Published in final edited form as: Neuron. 2019 Nov 25;105(3):475–490.e6. doi: 10.1016/j.neuron.2019.10.035

Figure 4. Abnormal expression of synaptic and autism-related proteins in CUL3 deficient brains.

Figure 4.

(A) Schematic workflow of quantitative proteomic analysis. Proteomic data were obtained from pooled hippocampus and cortex. n = 3–4 mice for each group (P14, male).

(B) Heat maps of DE proteins in GFAP-Cul3f/+ and GFAP-Cul3f/f brains samples, compared with Cul3f/+ brains.

(C) Volcano plot for DE proteins (116 upregulated, 219 downregulated) in GFAP-Cul3f/+ (heterozygous) brain samples, compared with Cul3f/+ brains. Green and orange dots indicate statistically DE proteins.

(D) Volcano plot for DE proteins (552 upregulated, 914 downregulated) in GFAP-Cul3f/f (homozygous) brain samples, compared with Cul3f/+ brains. Green and orange dots indicate statistically DE proteins.

(E) GO enrichment analysis of DE proteins. DE proteins were enriched in biological processes including ‘SNARE complex disassembly’, ‘Synaptic vesicle localization’, ‘Mannosylation’ and ‘CNS projection neuron axonogenesis’. Full results of the analysis are presented in Supplementary Figures. 8A and 8B.
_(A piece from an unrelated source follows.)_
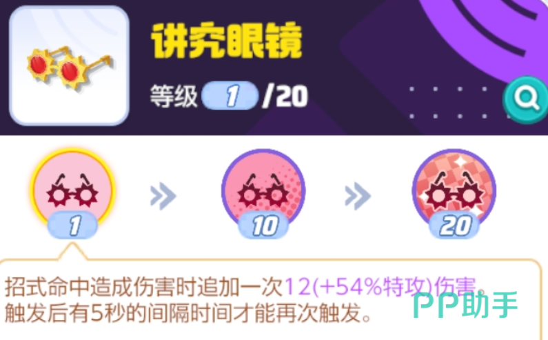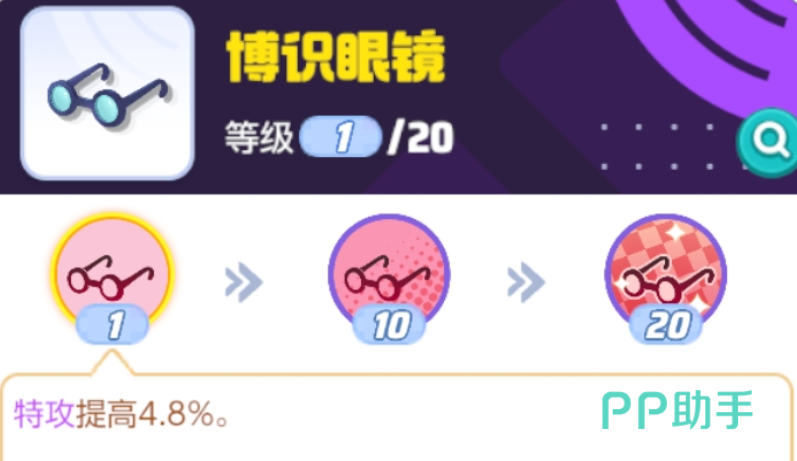 穿透汤匙,简称勺子,可以加特攻、加减CD,效果是提供9%~15%的特防穿透,对面有高坦度的防御型宝可梦时要出这个。然后是“博识眼镜”,同样是加特攻加冷却缩减,可以提供最多8%的额外特攻加成,对于靠特攻打输出的宝可梦来说,这个堪称“责任”装,想打输出carry比赛,这个是必出的。

(F) Proteins upregulated in both GFAP-Cul3f/+ and GFAP-Cul3f/f mice brains.

(G) Representative blots for cortical tissues collected from P14 Cul3f/+ and GFAP-Cul3f/+ and GFAP-Cul3f/f mice.

(H) Quantification analysis of data in (H). Band densities of interested proteins were normalized by the loading control GAPDH; values of control mice were taken as 1; n = 6 mice per each genotype; eIF4G1, Cul3f/+ (1.01 ± 0.15) vs GFAP-Cul3f/+ (1.59 ± 0.14), p = 0.0458; Cul3f/+ vs GFAP-Cul3f/f (1.71 ± 0.3), p = 0.0319; CUL3, Cul3f/+ (1.02 ± 0.11) vs GFAP-Cul3f/+ (0.58 ± 0.07), p = 0.0012, Cul3f/+ vs GFAP-Cul3f/f (0.18 ± 0.03), p < 0.0001; One-way ANOVA followed by Tukey’s post hoc test.

(I) Increased association of eIF4G1 with eIF4E proteins in GFAP-Cul3f/f mice, compared with Cul3f/+ mice. Hippocampus lysates were incubated with mouse eIF4E antibody and immunoprecipitates were probed for eIF4G1.

(J) Increased Cap-dependent translation in DIV14 GFAP-Cul3f/+ and NEX-Cul3f/+ neurons as measured with SUnSET.

Data were shown as mean ± SEM. *p < 0.05, **p < 0.01, ***p < 0.001; ns, no significant difference.